- Born: February 1976 Porto
- Died: 26 March 2015 (aged 39) Viana do Castelo
- Occupations: Novelist, producer
- Writing career
- Notable work: The Last Pope

= Luís Miguel Rocha =

Portuguese author and producer (1976–2015)

Luís Miguel Rocha (February 1976 in Porto – 26 March 2015 in Mazaferes) was a Portuguese author, television writer and producer. He became a New York Times bestseller in 2009.

==Biography==
Rocha was born in Porto, and raised in Viana do Castelo. Prior to publishing his first novel, Rocha wrote and produced television in London. Rocha's second novel, The Last Pope, was published in 2006. The novel examines the conspiracy theories about the death of Pope John Paul I.

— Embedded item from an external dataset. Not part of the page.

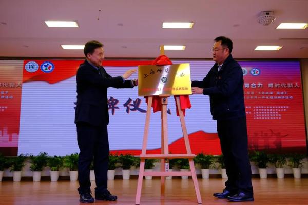 完场足球赛果 院长刘林教授和静安二中心党支部书记兼校长徐斌共同为“上海师范大学合作教育实践基地”揭牌。
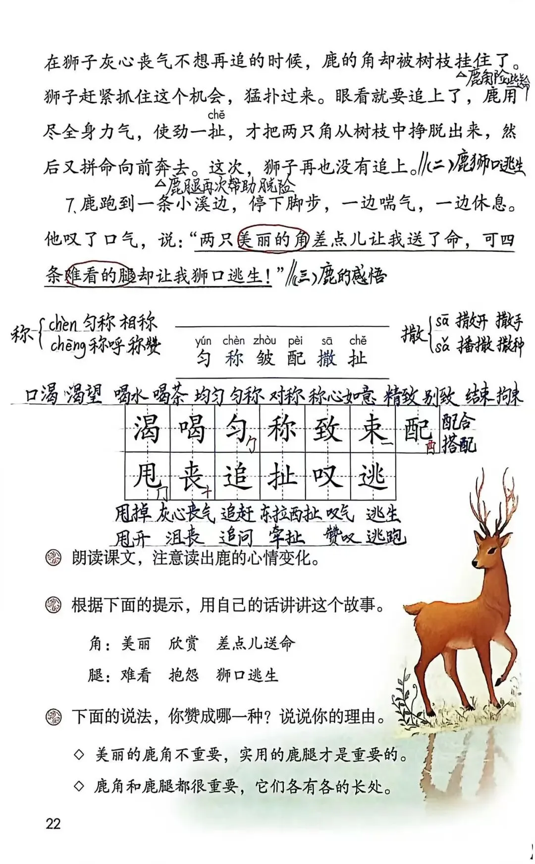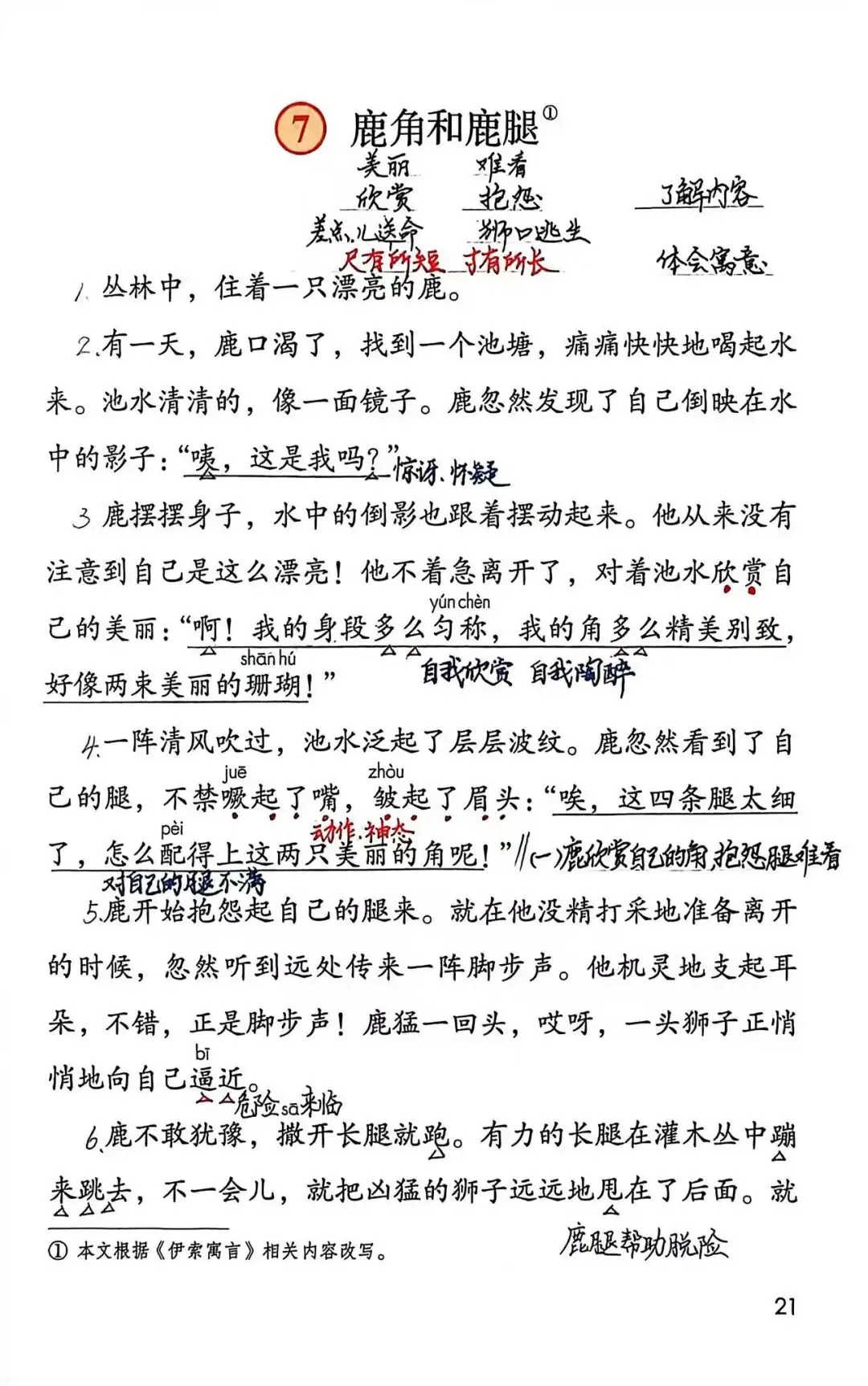 教学中可依托课后第二题 “根据下面的提示,用自己的话讲讲这个故事”,借助关键词等可视化工具,引导学生把故事讲完整、讲清楚,在梳理内容的过程中体会寓言蕴含的道理,促进学生从形象思维逐步向理性思考过渡与发展。

The Holy Bullet, also known as The Holy Assassin, his third novel, was published in 2007. The Pope's Assassin, also known as The Papal Decree, is the third book of the Vatican series. The last book of the series is A Filha Do Papa, released in 2013.

Rocha died in March 2015 after a prolonged illness.

== Works ==
=== Vatican Series ===
- O Último Papa (2006) The Last Pope
- Bala Santa (2007) The Holy Bullet
- A Mentira Sagrada (2011) The Pope's Assassin
- A Filha do Papa (2013)
- A Resignação (2018) after death.

=== Others ===
- Um País Encantado (2005)
- A Virgem (2009)
- Curiosidades do Vaticano (2016) after death.